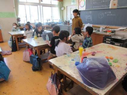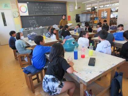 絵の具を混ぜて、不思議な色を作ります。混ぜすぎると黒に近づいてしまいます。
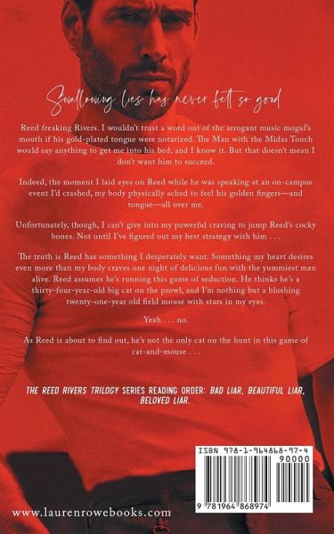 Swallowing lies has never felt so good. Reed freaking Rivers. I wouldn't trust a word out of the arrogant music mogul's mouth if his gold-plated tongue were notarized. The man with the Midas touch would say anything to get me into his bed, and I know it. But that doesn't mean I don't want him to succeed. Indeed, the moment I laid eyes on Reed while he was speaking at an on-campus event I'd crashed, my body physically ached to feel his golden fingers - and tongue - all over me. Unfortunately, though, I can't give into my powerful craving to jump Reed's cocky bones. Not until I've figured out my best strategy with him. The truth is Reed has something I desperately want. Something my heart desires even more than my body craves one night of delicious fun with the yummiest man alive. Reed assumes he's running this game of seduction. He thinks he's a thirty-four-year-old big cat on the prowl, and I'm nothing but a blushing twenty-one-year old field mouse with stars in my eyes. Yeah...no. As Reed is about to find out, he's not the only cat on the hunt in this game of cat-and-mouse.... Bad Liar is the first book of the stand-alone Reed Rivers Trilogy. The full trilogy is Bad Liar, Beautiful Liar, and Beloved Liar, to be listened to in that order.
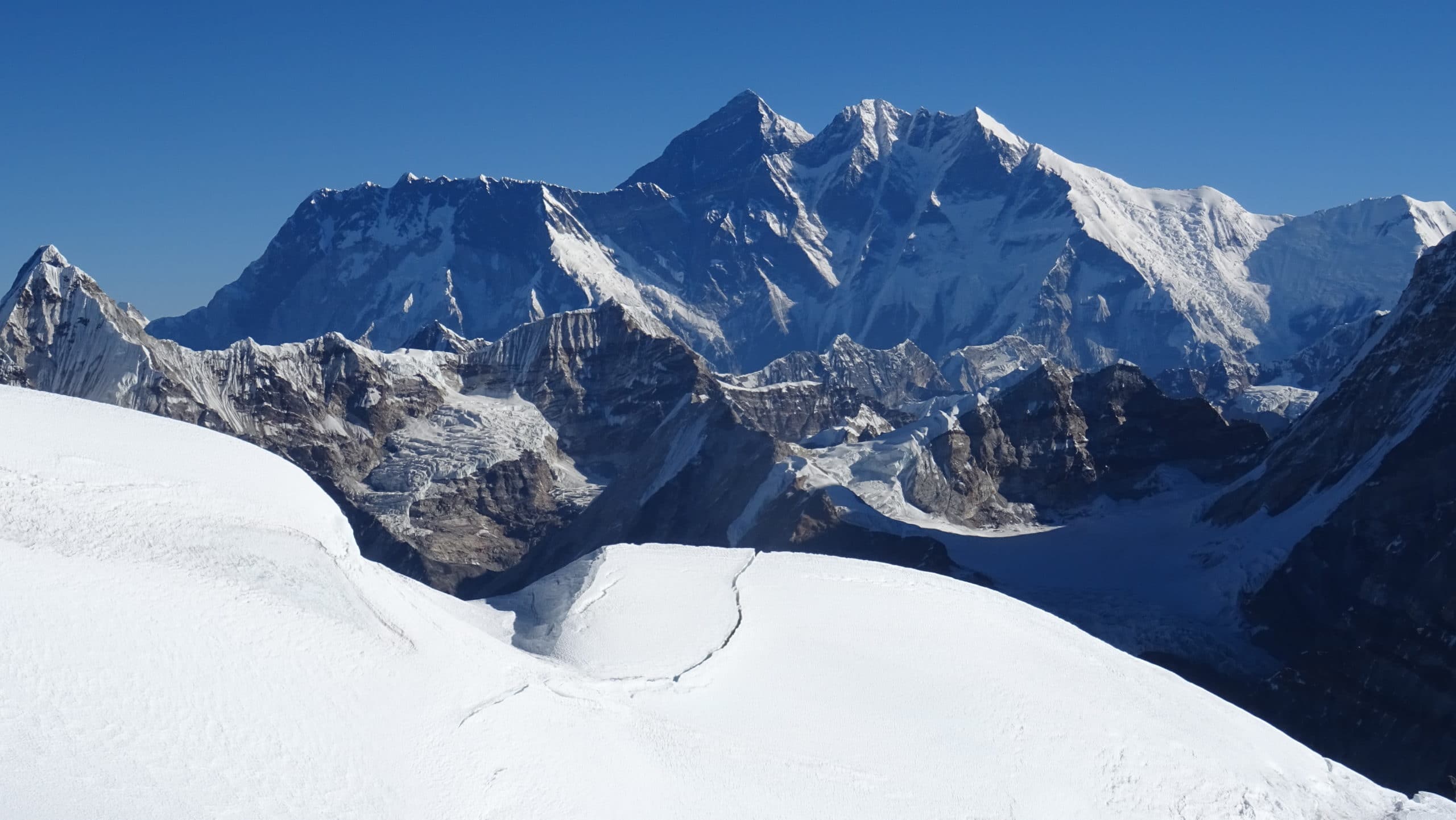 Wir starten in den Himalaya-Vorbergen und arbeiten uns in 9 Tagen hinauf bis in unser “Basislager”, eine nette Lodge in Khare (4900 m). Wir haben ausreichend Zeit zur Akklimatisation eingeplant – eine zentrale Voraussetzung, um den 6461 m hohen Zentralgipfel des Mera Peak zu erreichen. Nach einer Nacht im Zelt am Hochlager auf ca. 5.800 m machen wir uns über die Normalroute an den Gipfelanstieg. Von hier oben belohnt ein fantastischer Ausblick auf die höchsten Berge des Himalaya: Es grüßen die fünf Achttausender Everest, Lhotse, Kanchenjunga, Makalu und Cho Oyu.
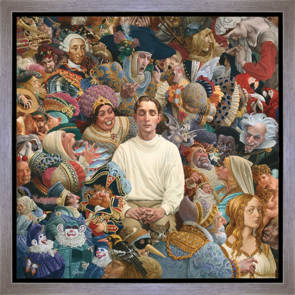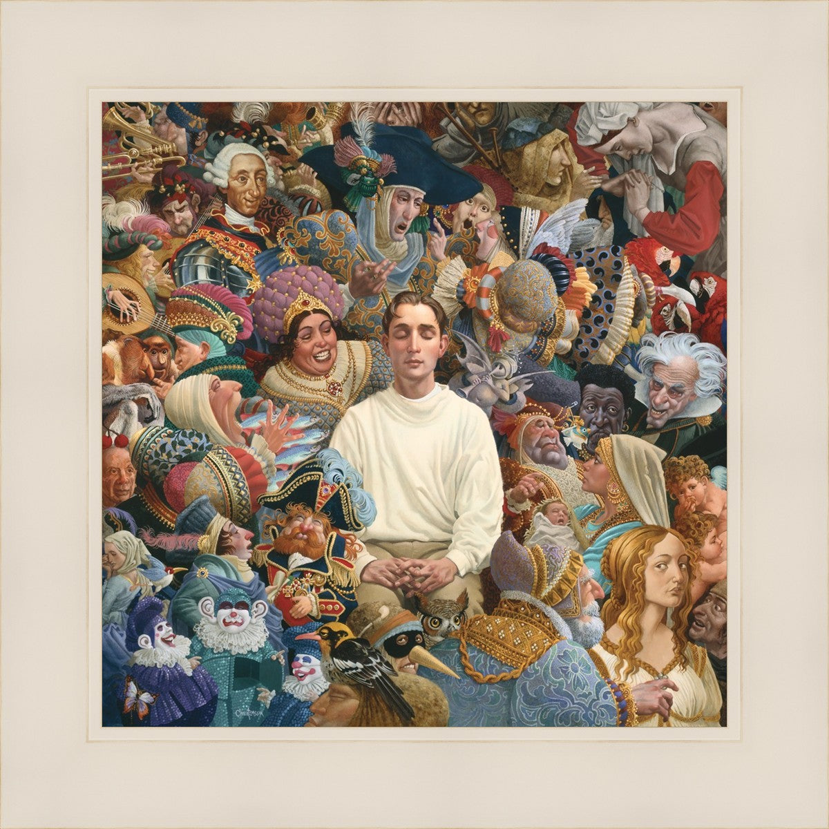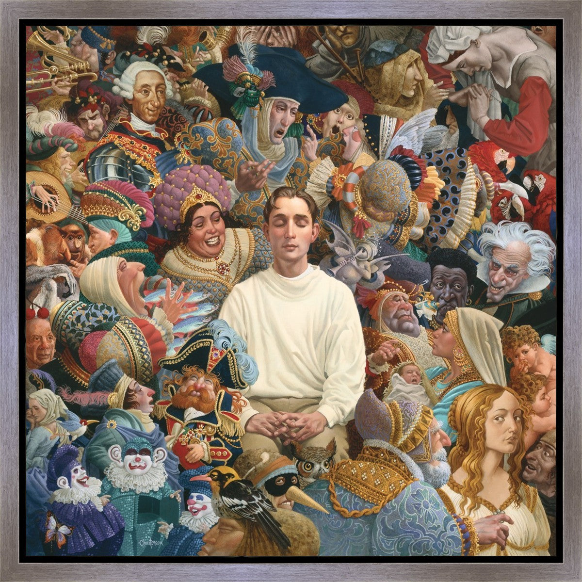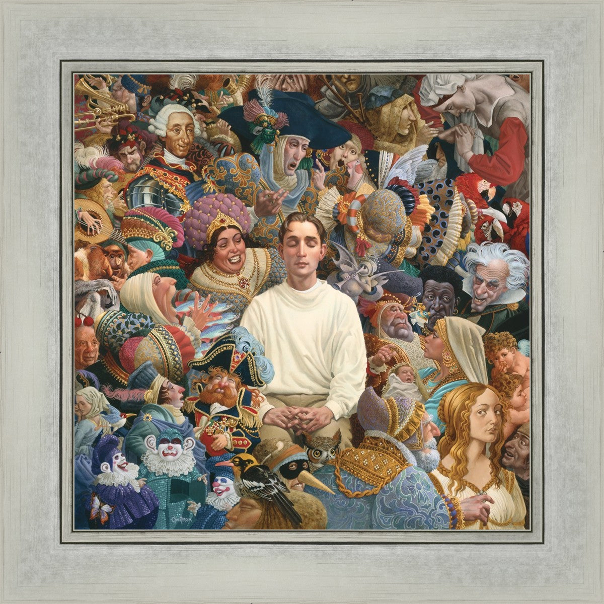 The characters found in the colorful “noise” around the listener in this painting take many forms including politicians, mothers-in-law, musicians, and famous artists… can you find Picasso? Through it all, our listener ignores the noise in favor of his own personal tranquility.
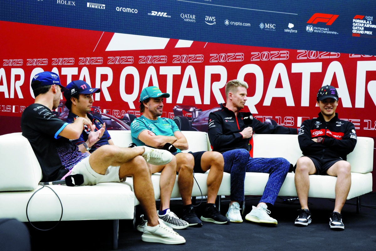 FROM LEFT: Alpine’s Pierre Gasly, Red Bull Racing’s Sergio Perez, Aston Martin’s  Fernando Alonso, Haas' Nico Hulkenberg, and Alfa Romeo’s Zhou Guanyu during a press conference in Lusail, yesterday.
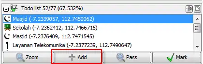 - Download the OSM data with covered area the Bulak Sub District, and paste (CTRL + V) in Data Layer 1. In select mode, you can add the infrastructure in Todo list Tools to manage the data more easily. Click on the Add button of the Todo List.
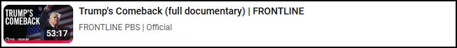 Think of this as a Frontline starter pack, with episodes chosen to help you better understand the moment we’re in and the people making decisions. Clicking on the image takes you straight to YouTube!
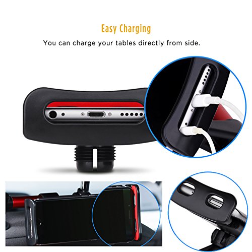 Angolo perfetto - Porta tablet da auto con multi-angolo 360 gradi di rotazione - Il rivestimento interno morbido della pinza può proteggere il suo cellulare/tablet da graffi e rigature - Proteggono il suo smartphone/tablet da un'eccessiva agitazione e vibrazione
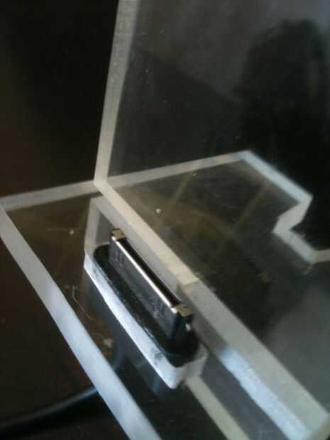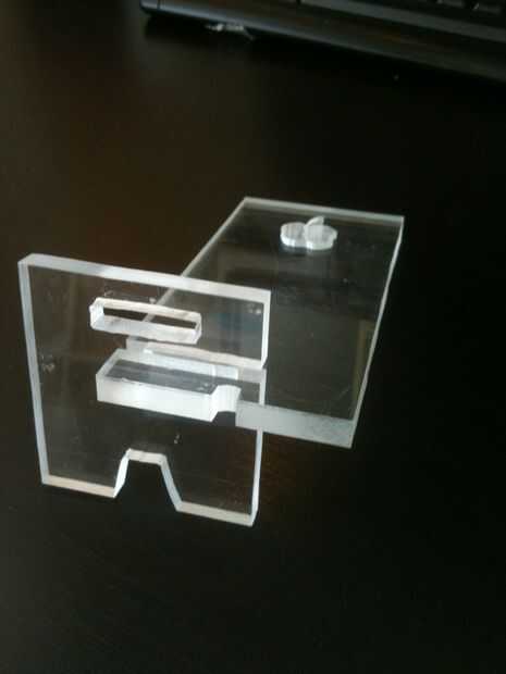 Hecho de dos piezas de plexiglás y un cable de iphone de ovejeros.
* * *
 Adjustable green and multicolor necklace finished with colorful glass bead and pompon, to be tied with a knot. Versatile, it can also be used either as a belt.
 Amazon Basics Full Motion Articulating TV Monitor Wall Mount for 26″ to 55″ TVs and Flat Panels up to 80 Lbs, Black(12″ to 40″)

_Your goal_
Starting with the line that has "- Download the" and ending with the line that has "Hecho de dos", repeat the lines above exactly, omitting every picture.

_Response_
 - Download the OSM data with covered area the Bulak Sub District, and paste (CTRL + V) in Data Layer 1. In select mode, you can add the infrastructure in Todo list Tools to manage the data more easily. Click on the Add button of the Todo List.
 Think of this as a Frontline starter pack, with episodes chosen to help you better understand the moment we’re in and the people making decisions. Clicking on the image takes you straight to YouTube!
 Angolo perfetto - Porta tablet da auto con multi-angolo 360 gradi di rotazione - Il rivestimento interno morbido della pinza può proteggere il suo cellulare/tablet da graffi e rigature - Proteggono il suo smartphone/tablet da un'eccessiva agitazione e vibrazione
 Hecho de dos piezas de plexiglás y un cable de iphone de ovejeros.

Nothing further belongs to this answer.